January 11 – February 21, 1987

 

The works in this exhibition employ a wide variety of technology--fans, refridgerators, slide projectors, motors, pumps, blowers, and video--but they use these machines to refer to what is precisely not mechanical. They indicate a fascination with the laws of elementary physics through their invocation of natural processes such as growth and elemental changes in state. Water courses through the letters of the word "Passion" in Richard Baquie's work, and blowers bear aloft an inflatable airplane. Alain Fleischer creates a wind tunnel in the gallery when he lines a corridor with fans. Nathalie Talec continues an ongoing exploration of cold and its representations, and Gerard Collin-Thiebaut expores light and distance.

In other cases, the machines take on anthropomorphism, as when Jean-Claude Ruggirello's fragile constructions of machine-age refuse present a human vulnerability. Ange Leccia imbues two theatre lights with personality annd mood by sitting them on chairs facing each other and calling the ensemble Conversation.

While all of this work addresses the nature vs. culture conflict, Hubert Duprat's does so most directly.

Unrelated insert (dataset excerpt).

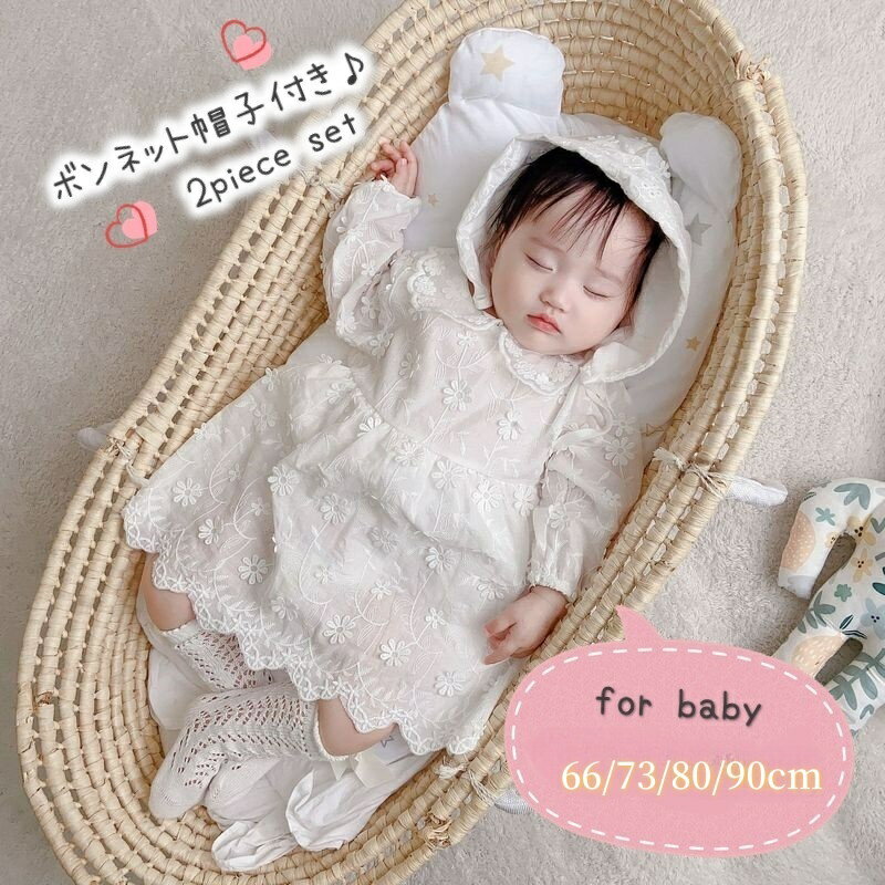 お揃いのボンネット帽子付きのベビー用セレモニードレスです。 刺繍とレースがたっぷりあしらわれていてとってもロマンティック♪ 赤ちゃんとの退院やお宮参りなどセレモニーシーンにぴったりですね★ 【サイズについて】 画像をご参照下さい。 ※帽子はフリーサイズとなります。 高さ紐部分まで約16cm、レース部分約6センチ 幅 約22cm 平置き採寸となっておりますので多少差が出る場合がございます。 【カラーについて】 生産ロットにより柄の出方や色の濃淡が異なる場合がございます。 お使いのモニターや撮影時の光の加減などにより 画像と実際の商品のカラーが異なる場合もございます。 予告なしにカラーやデザインなどの変更がある場合もございます。 【素材について】 95%綿 5%ポリエステル 【補足説明】 商品の性質上、手洗いでのお洗濯をお勧めしております。

Transplanted from their natural environment, his displaced larvae are forced to adapt, and they build their cocoons out of the gold and jewels that he puts within their reach.

In the catalog essays that accompany this exhibit, these machines are situated within a long history of exhibited technology, the most famous exhibition being the Galerie des Machines at the World's Fair of 1889, almost one hundred years ago. Descartes proposed "animal-machines" in the 1600's, and a glance at science fiction classics proves that the fantasy of the animate machine has stayed with us over the centuries. While bridging the distance between a fine art tradition and a technological one, this work also undermines the economic logic of that technological tradition by presenting the viewer with machines that are not useful. It points to art as an unquantifiable entity in a culture that measures worth by use value.